▸ Data records:
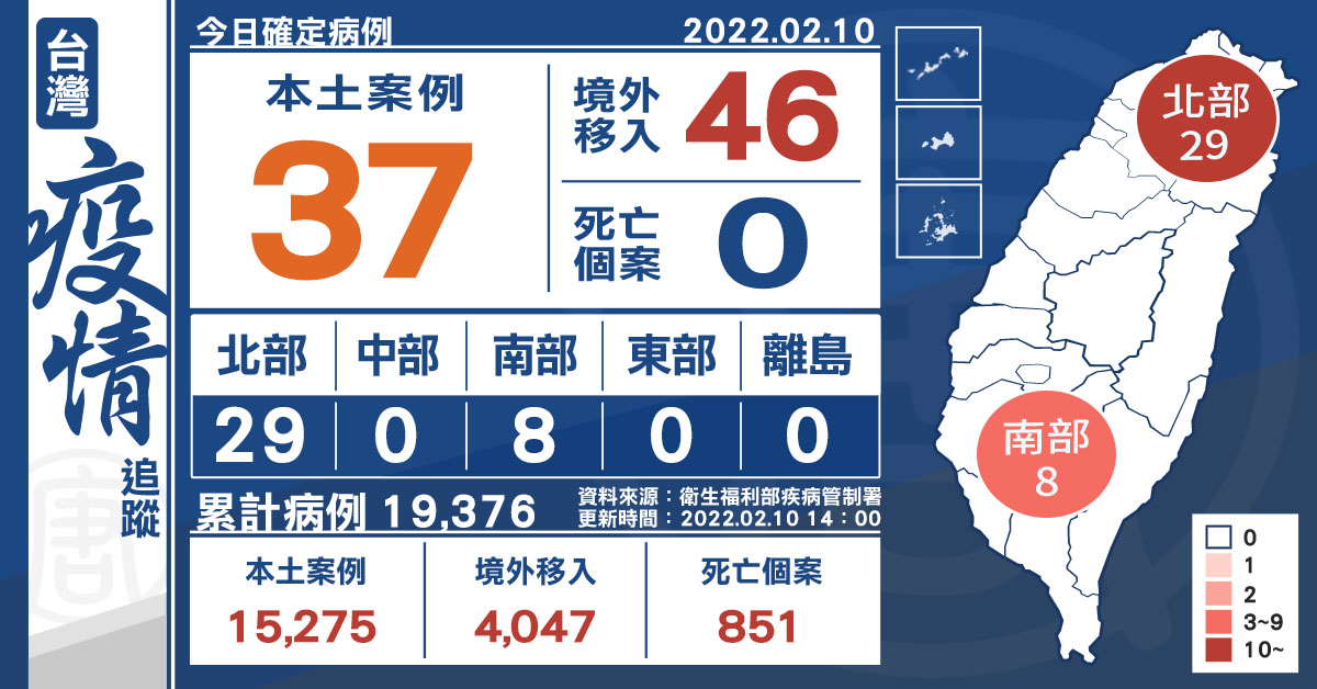 【新唐人亞太台 2022 年 02 月 10 日訊】今(10)日中央流行疫情指揮中心公布,國內新增83例COVID-19確定病例,分別為37例本土個案及46例境外移入,15例為航班落地採檢陽性;另確診個案中無新增死亡。
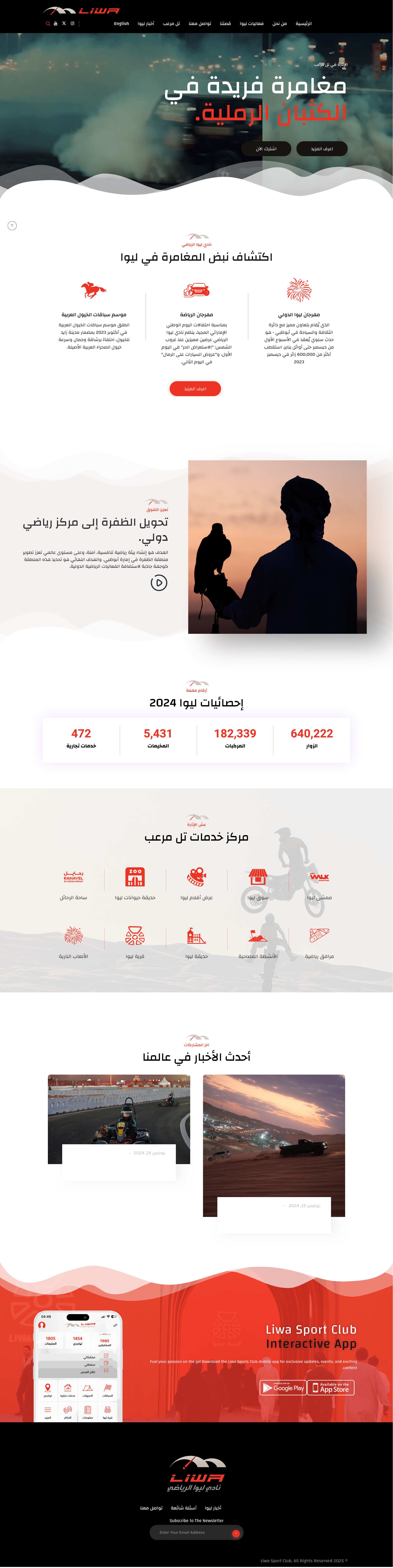 الإثارة في كثبان موريب الرملية. إقرأ المزيد انضم إلينا نادي ليوا الرياضي نبض مغامرات ليوا. مهرجان ليوا الدولي هو تعاون مميز مع دائرة الثقافة والسياحة في أبوظبي، وهو حدث سنوي من المقرر أن يقام في الأسبوع الأول من ديسمبر حتى أوائل يناير. اجتذب أكثر من 600000 زائر في ديسمبر 2023.
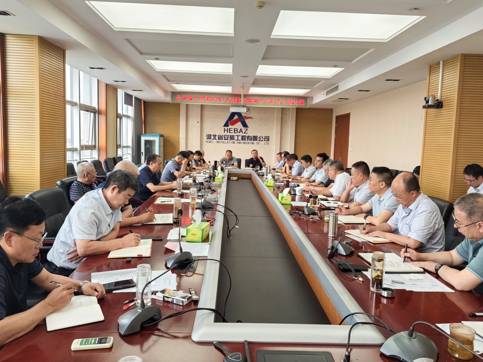 2025年9月3日,為紀(jì)念中國(guó)人民抗日戰(zhàn)爭(zhēng)暨世界反法西斯戰(zhàn)爭(zhēng)勝利80周年,河北省安裝工程有限公司積極組織職工集中觀看閱兵盛況直播。公司機(jī)關(guān)及各分公司、項(xiàng)目部共計(jì)2000余人通過(guò)多種方式同步參與,共同回顧歷史、緬懷先烈、展望未來(lái)。上午9時(shí),習(xí)近平總書(shū)記發(fā)表重要講話,9時(shí)19分大閱兵正式開(kāi)始,公司機(jī)關(guān)及各分公司、項(xiàng)目部會(huì)議室座無(wú)虛席,職工們們整齊地坐在屏幕前,神情莊重地注視著電視畫(huà)面。在閱兵式過(guò)程中,
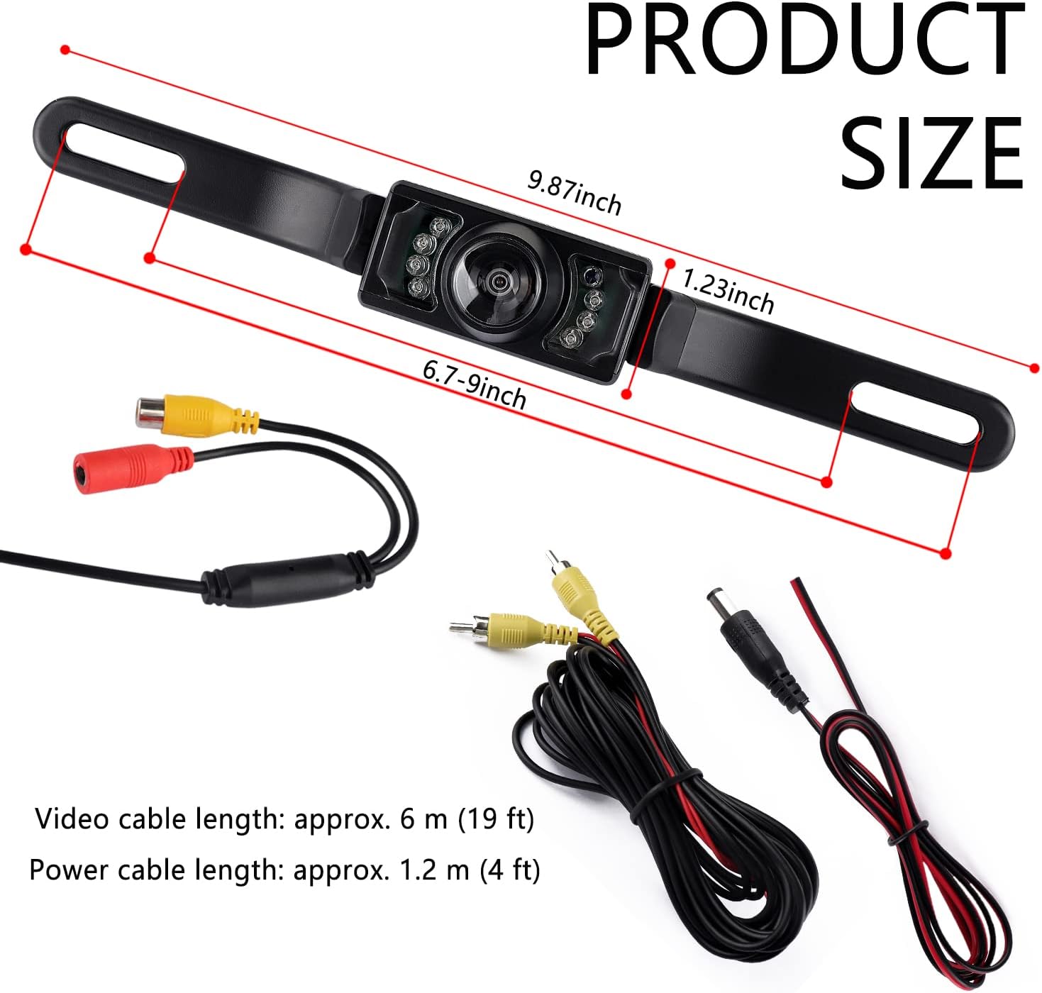 • 【Wide compatibility】: The license plate backup camera is suitable for hanging in the license plate area, rear window or any other suitable place of various 12-24V cars, trucks and RV's cars, Distance between left and right mounting holes: 6.7-9inch.Concealed and unobtrusive,equipped with 6M RCA video cable to connect to any type of monitor.
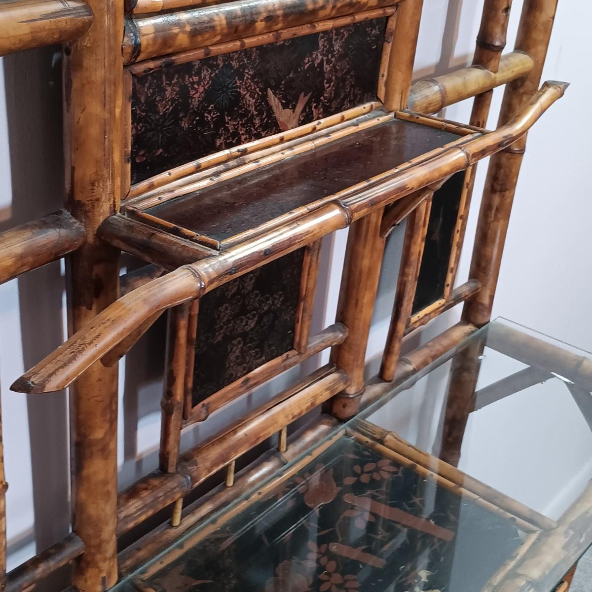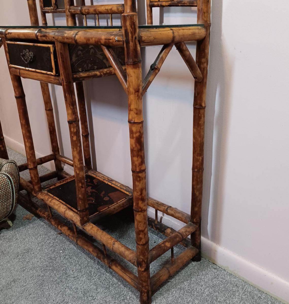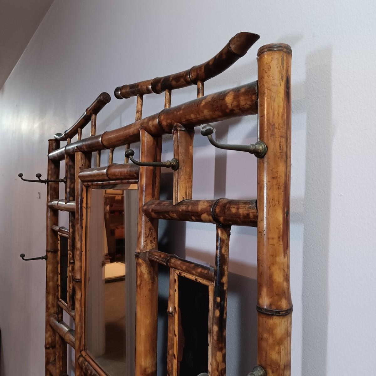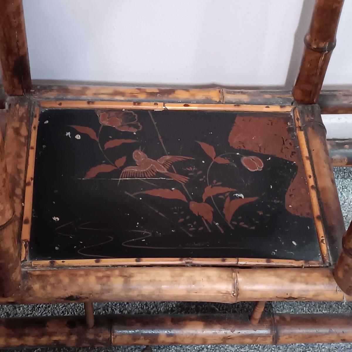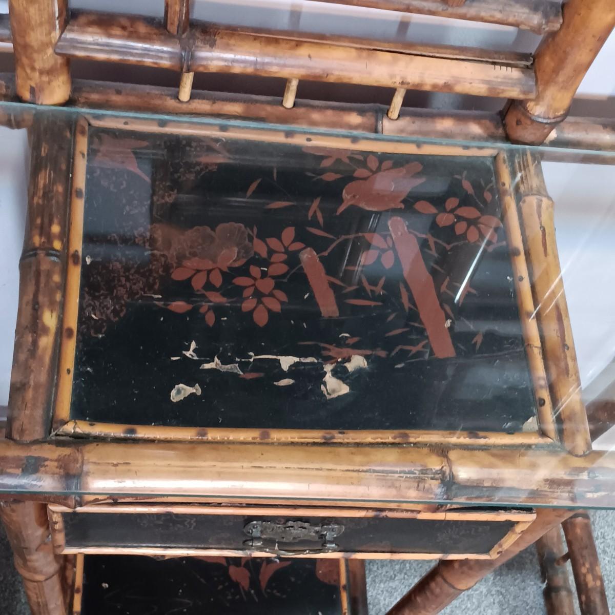 LOT 172H: Vintage Bamboo Hall Tree with Wooden Basket & Lacquered Box

▸ Activity: None of the pictures should be carried over when the data above is transcribed exactly.

▸ Finished exercise:
 【新唐人亞太台 2022 年 02 月 10 日訊】今(10)日中央流行疫情指揮中心公布,國內新增83例COVID-19確定病例,分別為37例本土個案及46例境外移入,15例為航班落地採檢陽性;另確診個案中無新增死亡。
 الإثارة في كثبان موريب الرملية. إقرأ المزيد انضم إلينا نادي ليوا الرياضي نبض مغامرات ليوا. مهرجان ليوا الدولي هو تعاون مميز مع دائرة الثقافة والسياحة في أبوظبي، وهو حدث سنوي من المقرر أن يقام في الأسبوع الأول من ديسمبر حتى أوائل يناير. اجتذب أكثر من 600000 زائر في ديسمبر 2023.
 2025年9月3日,為紀(jì)念中國(guó)人民抗日戰(zhàn)爭(zhēng)暨世界反法西斯戰(zhàn)爭(zhēng)勝利80周年,河北省安裝工程有限公司積極組織職工集中觀看閱兵盛況直播。公司機(jī)關(guān)及各分公司、項(xiàng)目部共計(jì)2000余人通過(guò)多種方式同步參與,共同回顧歷史、緬懷先烈、展望未來(lái)。上午9時(shí),習(xí)近平總書(shū)記發(fā)表重要講話,9時(shí)19分大閱兵正式開(kāi)始,公司機(jī)關(guān)及各分公司、項(xiàng)目部會(huì)議室座無(wú)虛席,職工們們整齊地坐在屏幕前,神情莊重地注視著電視畫(huà)面。在閱兵式過(guò)程中,
 • 【Wide compatibility】: The license plate backup camera is suitable for hanging in the license plate area, rear window or any other suitable place of various 12-24V cars, trucks and RV's cars, Distance between left and right mounting holes: 6.7-9inch.Concealed and unobtrusive,equipped with 6M RCA video cable to connect to any type of monitor.
 LOT 172H: Vintage Bamboo Hall Tree with Wooden Basket & Lacquered Box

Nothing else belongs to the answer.